▸ **Problem**
Take nothing but the lines from the one with "Just cut the" through the one with "Get the delay" in the entries below, both ends kept, and return them exactly with pictures left out.

▸ **Provided records**
*****

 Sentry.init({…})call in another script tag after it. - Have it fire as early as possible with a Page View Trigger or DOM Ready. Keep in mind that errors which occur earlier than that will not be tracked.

*****

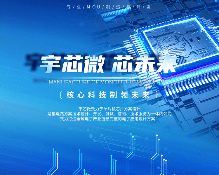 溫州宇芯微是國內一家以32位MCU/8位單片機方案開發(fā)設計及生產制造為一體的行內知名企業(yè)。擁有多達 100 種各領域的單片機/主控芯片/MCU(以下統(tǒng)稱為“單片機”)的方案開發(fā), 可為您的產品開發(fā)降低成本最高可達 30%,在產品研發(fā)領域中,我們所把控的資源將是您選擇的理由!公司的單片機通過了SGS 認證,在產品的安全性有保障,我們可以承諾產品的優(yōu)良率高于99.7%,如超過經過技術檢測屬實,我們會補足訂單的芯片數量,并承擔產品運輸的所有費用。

*****

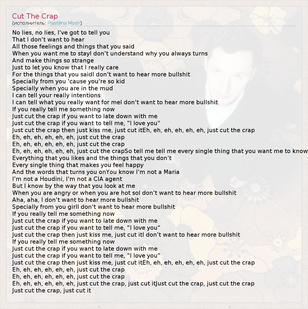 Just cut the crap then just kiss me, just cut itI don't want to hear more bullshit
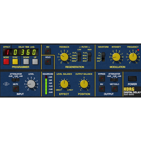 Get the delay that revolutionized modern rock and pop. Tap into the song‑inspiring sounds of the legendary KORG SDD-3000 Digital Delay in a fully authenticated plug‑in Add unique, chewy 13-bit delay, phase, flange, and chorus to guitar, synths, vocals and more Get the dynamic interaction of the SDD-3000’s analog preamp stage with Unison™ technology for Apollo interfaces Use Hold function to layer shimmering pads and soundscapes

*****

▸ **Answer section**
 Just cut the crap then just kiss me, just cut itI don't want to hear more bullshit
 Get the delay that revolutionized modern rock and pop. Tap into the song‑inspiring sounds of the legendary KORG SDD-3000 Digital Delay in a fully authenticated plug‑in Add unique, chewy 13-bit delay, phase, flange, and chorus to guitar, synths, vocals and more Get the dynamic interaction of the SDD-3000’s analog preamp stage with Unison™ technology for Apollo interfaces Use Hold function to layer shimmering pads and soundscapes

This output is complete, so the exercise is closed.